To do:
Starting with the line in which "MÉXICO D.F., 25SEPTIEMBRE2008.-Se" appears, give back every line exactly as written until the listing ends, excluding pictures.

Exercise materials:
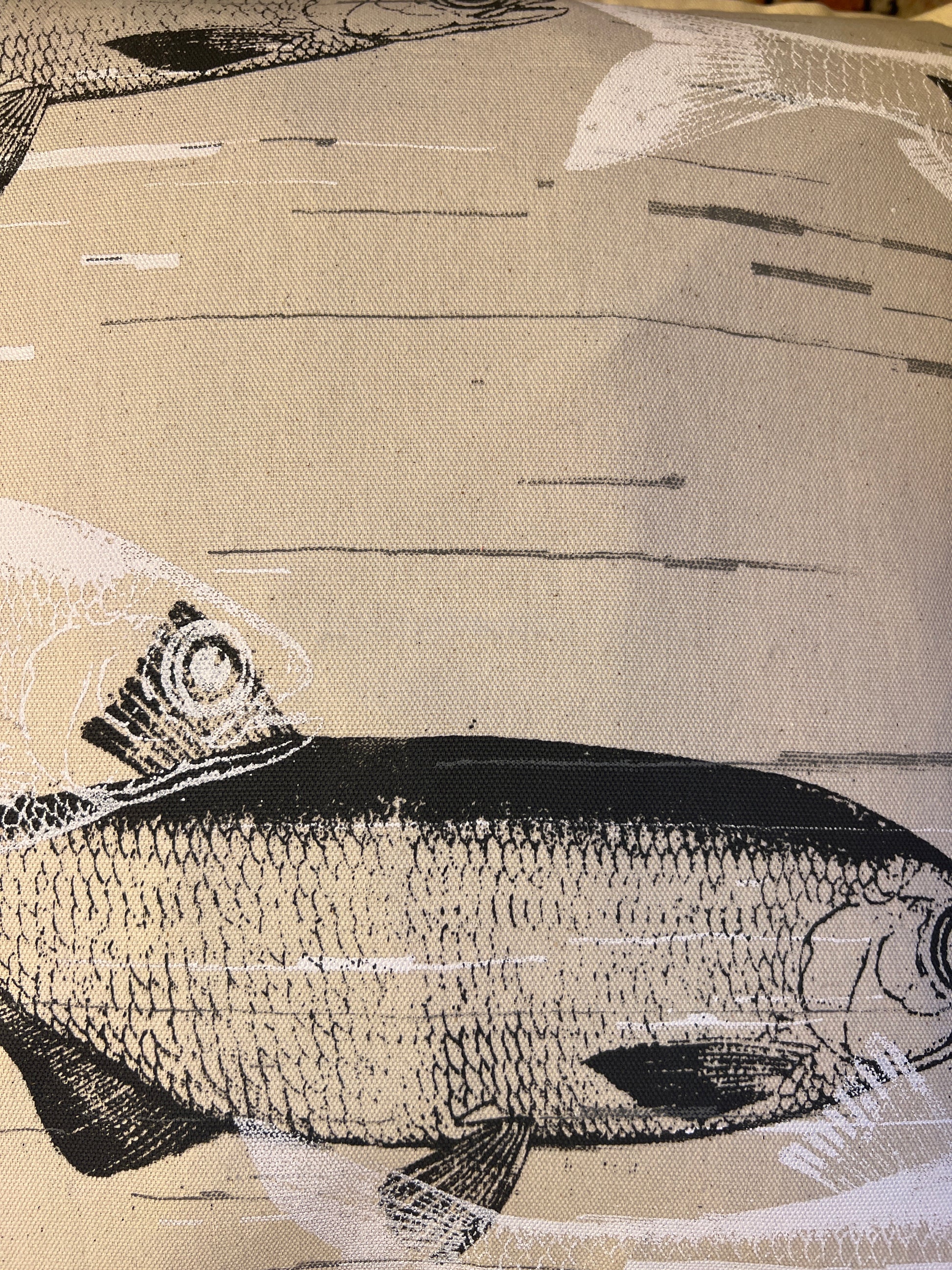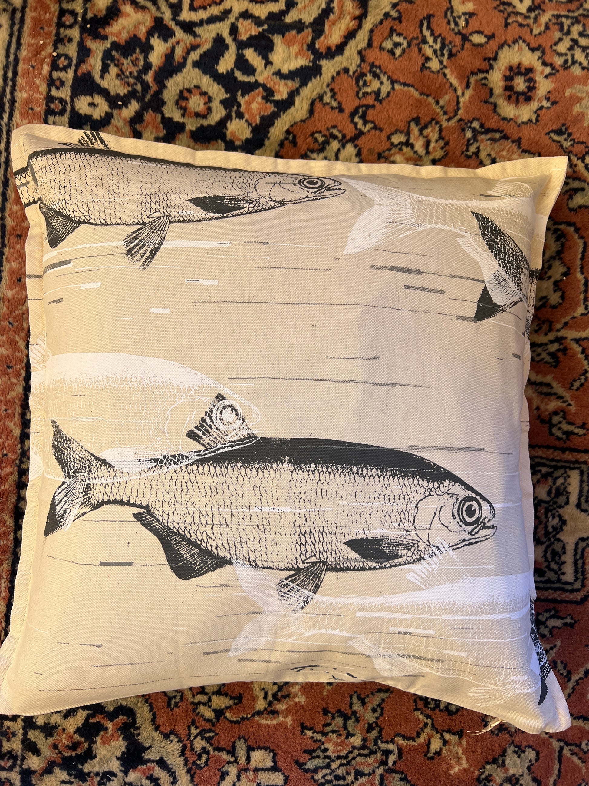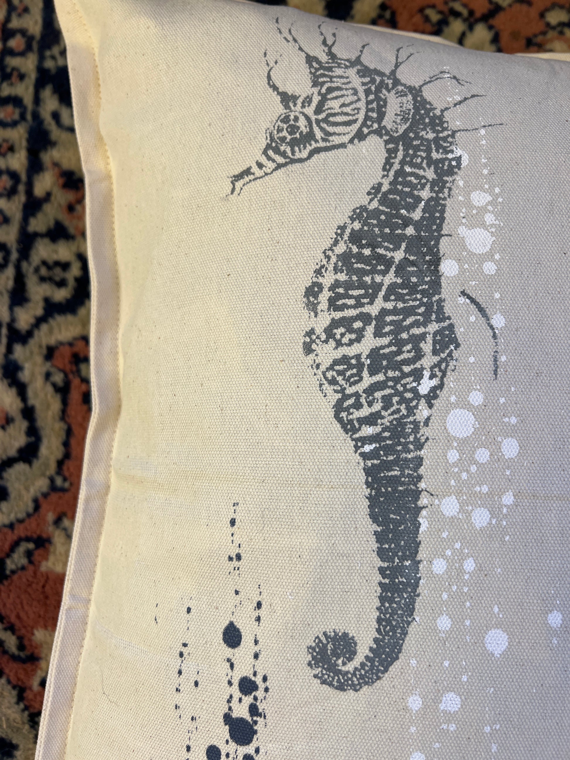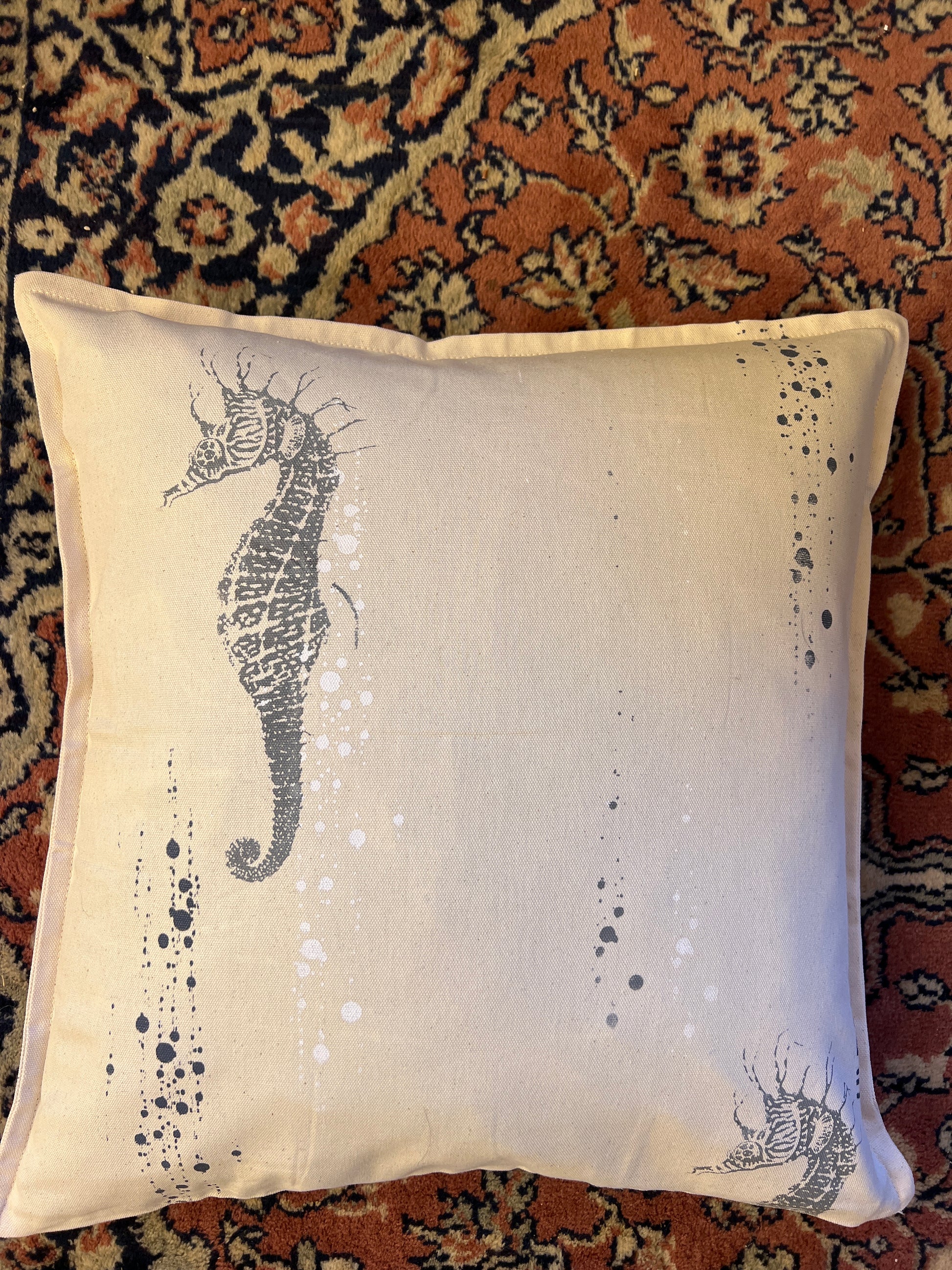 Håndtrykte pude på lækker bomuld. Har to forskellige sidder. Mål: 50x50 cm
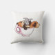 Fox with Coffee Cup Throw Pillow
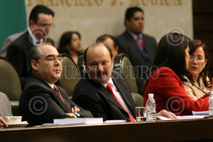 MÉXICO D.F., 25SEPTIEMBRE2008.-Se llevo acabo la sesión solemne en la Cámara de Diputados, donde se develaron con letras de oro en el muro de honor “A las Constituyentes de 1857” esto durante la sesión. En la imagen los diputados, José Luis Espinoza y Hector Larios. FOTO: GUILLERMO PEREA/CUARTOSCURO.COM
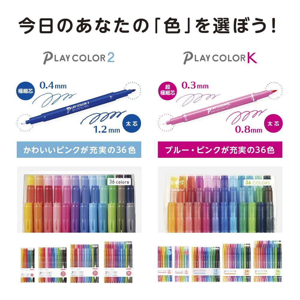 トンボ鉛筆 水性 サインペン 12色 (太1.2mm&細0.4mm ツインタイプ) カラーペン プレイカラー2 GCB-011
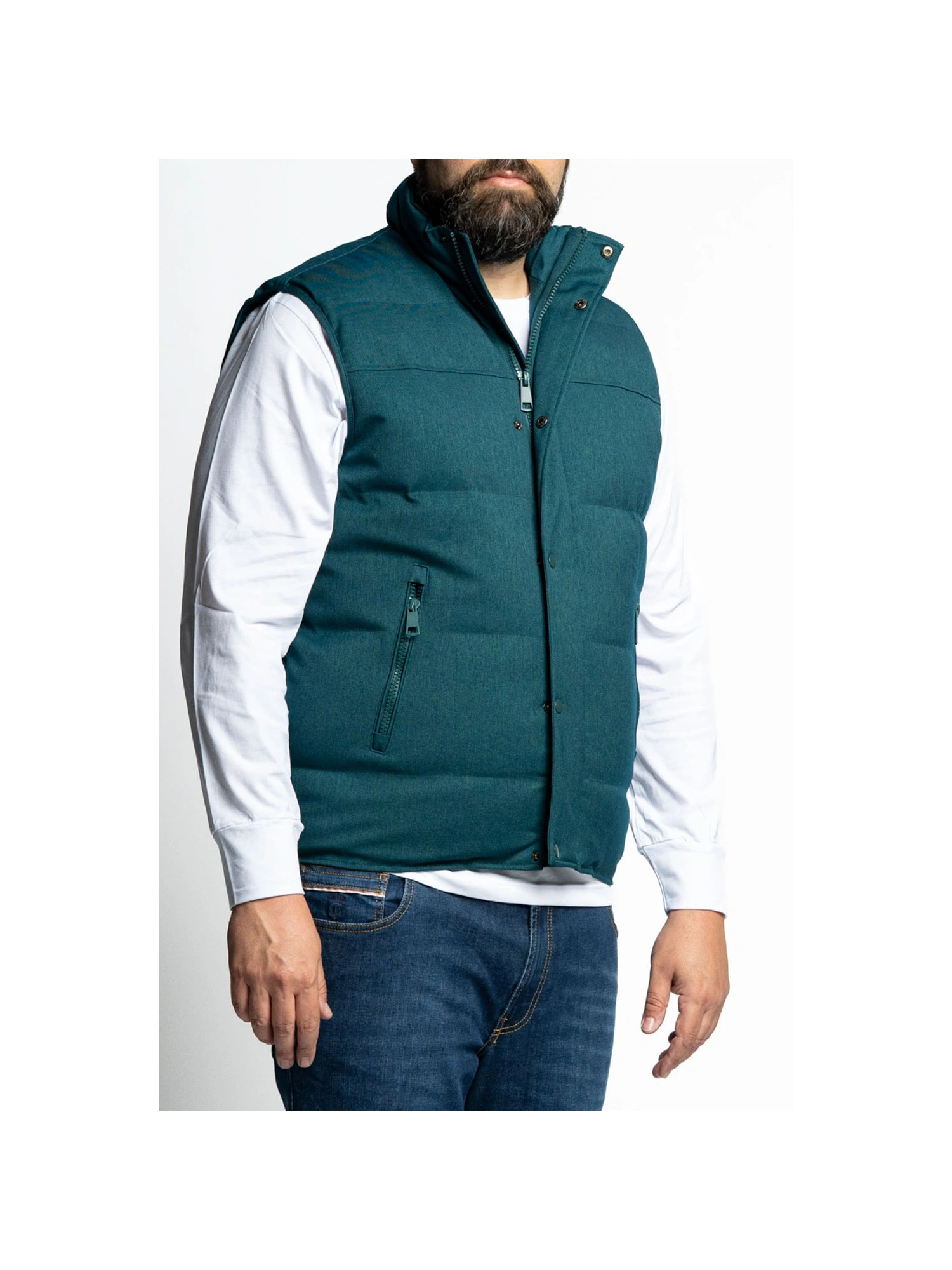 Sporty sleeveless and padded model - Double high collar - Central full zip closure and windproof flap with snap buttons - Two vertical pockets with zip - Straight bottom - Composition 100%PA

Reply to the task:
 MÉXICO D.F., 25SEPTIEMBRE2008.-Se llevo acabo la sesión solemne en la Cámara de Diputados, donde se develaron con letras de oro en el muro de honor “A las Constituyentes de 1857” esto durante la sesión. En la imagen los diputados, José Luis Espinoza y Hector Larios. FOTO: GUILLERMO PEREA/CUARTOSCURO.COM
 トンボ鉛筆 水性 サインペン 12色 (太1.2mm&細0.4mm ツインタイプ) カラーペン プレイカラー2 GCB-011
 Sporty sleeveless and padded model - Double high collar - Central full zip closure and windproof flap with snap buttons - Two vertical pockets with zip - Straight bottom - Composition 100%PA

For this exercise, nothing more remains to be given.